There is provincial funding on the table right now, Kaisla said, but she hasn’t seen any of the North Shore’s local governments attempt to meet them halfway. The sticking points, she feels, are NIMBYism and unwillingness to put up municipally owned land.

“We have three municipalities that don’t want to be the only one giving up land or taking unpopular actions in some people’s eyes. It’s a lot of passing the buck,” she said.

Kaisla acknowledged the challenge of getting a neighbourhood to accept low-barrier housing but, she argued, the people in need of a home are already here.

“We’re asking for a compassionate response,” she said. “It is going to create safety for the whole community.”

City of North Vancouver Mayor Linda Buchanan said she understands Kaisla’s frustration because she feels it too.

“I feel extremely saddened that people are living in our communities who have no other options,” she said.

Kaisla’s letter was dated a week after the City of North Vancouver council adopted a motion from Buchanan calling for the creation of a new North Shore cross-jurisdictional working group to find short, medium- and long-term actions to prevent homelessness and offer people a way out of it.

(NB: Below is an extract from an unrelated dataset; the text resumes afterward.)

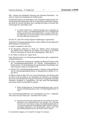 Drucksache 18/4765 –4– Deutscher Bundestag – 18. Wahlperiode wie hoch war im Jahr 2014 die Ablehnungsquote in Bezug auf Schengen- visa im EU-Durchschnitt? Es wird auf die Anlage zu Frage 2 verwiesen. Infolge einer Modifizierung der statistischen Auswertung werden seit dem Jahr 2014 Visumanträge, die von An- tragstellern zurückgezogen worden sind, gesondert ausgewiesen. Infolgedessen ist bei der statistischen Auswertung ein genauer Vergleichsmaßstab zum Vorjahr nicht herzustellen. Angaben zur durchschnittlichen Ablehnungsquote der anderen Schengenmit- gliedstaaten in Bezug auf Schengenvisa liegen der Bundesregierung nicht vor. 3. Wie viele Ausnahmevisa wurden im Jahr 2014 an den Grenzen von der Bundespolizei bzw. beauftragten Behörden der Länder erteilt (bitte zusätz- lich nach den zehn wichtigsten Herkunftsländern und den Gründen bzw. der Rechtsgrundlage differenziert darstellen)? Im Jahr 2014 wurden durch die Bundespolizei und die mit der grenzpolizei- lichen Kontrolle beauftragten Behörden der Länder Bayern und Hamburg 12 996 Ausnahmevisa erteilt. Die Erteilung erfolgte gemäß Artikel 35 und 36 des Visakodex (Schengen-Visum, Kategorie „C“) bzw. § 14 Absatz 2 des Auf- enthaltsgesetztes (nationales Visum, Kategorie „D“). Siehe ergänzend nachstehende Tabelle: Kategorie C Kategorie D Gesamt 12 953 Gesamt 43 Philippinen 5 599 Philippinen 14 Ukraine 2 359 Türkei 6 Indien 1 355 Russische Föderation 3 Russische Föderation 1 164 Ukraine 3 Indonesien 540 Syrien 2 China 403 Tunesien 2 Türkei 323 Ägypten 1 Myanmar 220 Algerien 1 Südafrika 83 Bosnien-Herzegowina 1 Nepal 63 Vietnam 1 sonstige 844 sonstige 9 4. Wie viele der im Jahr 2014 erteilten Schengenvisa waren Jahres-, Zweijah- res-, Dreijahresvisa, Fünfjahres- bzw. insgesamt Jahres- bzw. Mehrjahres- visa (bitte auch die Vergleichswerte des Vorjahres nennen und bitte zudem die Angaben nach Ländern differenziert darstellen, was auf Bundestags- drucksache 18/1212 versehentlich versäumt worden ist, da die Anlage fehlte)? Die deutschen Auslandsvertretungen erteilten im Jahr 2014 insgesamt 464 776 Visa mit ein- bzw. mehrjähriger Gültigkeitsdauer (2013: 413 190; Steigerungsrate: +12,75 Prozent). Darunter fielen 287 771 Jahresvisa (281 203; +2,34 Prozent), 80 560 Zweijahresvisa (58 162; +38,51 Prozent), 72 912 Dreijahresvisa (57 879;

“We are certainly motivated and dedicated and had taken action prior to receiving [the letter] and the three mayors including myself and my council are committed to doing that,” Buchanan said. “I don’t want a lot of time spent on researching this and that. This is very action oriented. We need to be moving forward. We need to be finding a site. We need to be co-ordinating that with health services,” Buchanan said.

Still, that will take some effort, so city council voted July 13 to reallocate $228,000 from other projects to temporarily hire someone to oversee the work. Buchanan said all levels of government need to be at the table and choosing which land “makes the most sense.” The province has been buying land and older hotels to provide housing elsewhere in the Lower Mainland, Buchanan said, and it’s time they did that on the North Shore too, she added.

West Vancouver council voted to join the working group on July 6.

“Really, this is going to force us to do some things that we should have done a long time ago,” said West Vancouver Mayor Mary-Ann Booth.

But, Booth added, solving homelessness is more complicated than finding available land in the short term, as the same people will also likely need wraparound health services that the province can’t download onto municipalities.

“We’ve got a big problem and it’s not just up to the municipalities to solve it. In fact, it’s not even our jurisdiction,” she said. “We don’t have that much land and we don’t have that much money, and so our position is that we’re willing to be part of the solution, but we don’t have the resources to be the solution.”

District of North Vancouver council has not yet met to vote on joining the working group.